Сделать это оказалось не так уж сложно. Слух точно так же настроился. Андрей так этому радовался! Еще бы, ничего, кроме мыслей собственных да музыки на память, не слышал уже два месяца. За полчаса где-то удалось мне зрение общее установить. А после этого и ходить проще стало намного. Потому что с самим движением Андрей давно уже разобрался. Нужно только дорогу видеть. На словах объяснять долго, да и не объяснишь на скорости все препятствия, даже внимания на них не обратишь.
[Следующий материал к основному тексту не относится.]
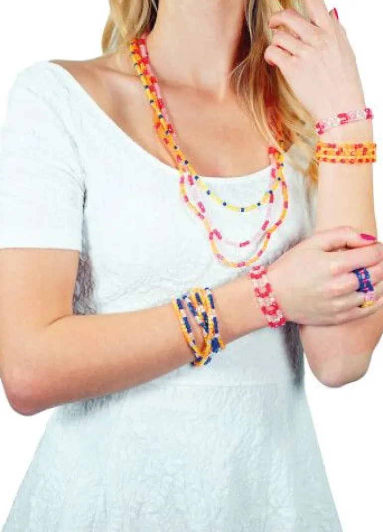 Ringe, Armbänder, Ketten und Colliers in allen Formen und Farben mit 2.000 schillernden Kunststoff-Perlen zum selbst gestalten. Ab 8 Jahren.
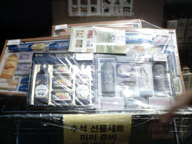 I took this picture at 7-Eleven. Apparently, SPAM is everywhere around Chuseok time. In case a gift set of two olive oil bottles and three cans of SPAM isn't classy enough, you can get your loved one a gift set of nine cans of SPAM, for about $26.

Нас к этому времени уже перевели на тренировочный полигон. Там и физические тренажеры есть, и стрельбище, и полоса препятствий, — все, что отряду солдат положено, было в распоряжении одного Людвига. Стрелять тренировался больше я. Андрей больше занимался собиранием и зарядкой оружия. Хотя учились всему. Он из пистолетов даже стрелять назад приноровился. С полосой препятствий справлялись легко. Надо было Людвигу усложненную давать. С четырьмя-то руками и легкими да двумя сердцами все проще намного оказалось. С массой своей нетрудно управляться. Рукопашному бою пришлось обучаться самостоятельно. Как-то комбинировать те умения, которые уже были. Новую технику для суперсолдат никто придумывать не стал. Но со всеми проблемами мы разобрались, и через полгода Людвиг уже был готов к действию. Эксперимент прошел удачно. Пора в бой. Война-то еще не закончилась! И Людвиг Земле ой как пригодится!

3. Кто там?

С кем война? С пришельцами. Точнее, пришельцами были земляне. Обнаружили на одной из планет соседней системы жизнь. Планету назвали Горгола. Пытались на нее запросы слать через радиоволны. Ответ хоть и неопределенный, но пришел. Земля решила, что можно налаживать контакт. Послали к ним тарелку. Не вернулась. И связь пропала. За агрессию мы это поначалу не приняли. Подумали, что ошибка вышла. Но никаких ошибок не было. Станция, которую мы пытались запустить на орбиту Горголы, после радиационной атаки просто перестала работать. Восемнадцать человек остались без жизнеобеспечения и погибли. Этого мы «не заметить» не могли. Стали собирать военные корабли. Не успели. Горголийцы прилетели сами и десант высадили. Основная их масса высадилась в России, как будто каким-то образом они вычислили, чьи корабли подходили к Горголе. Каких только уродцев у них не было! И летучие, и ползучие, и плавающие, и катящиеся твари у них в войске. И все разумные. Может быть, вся эта нечисть, на нас свалившаяся, профессора Гильзина и навела на мысли о создании суперсуществ.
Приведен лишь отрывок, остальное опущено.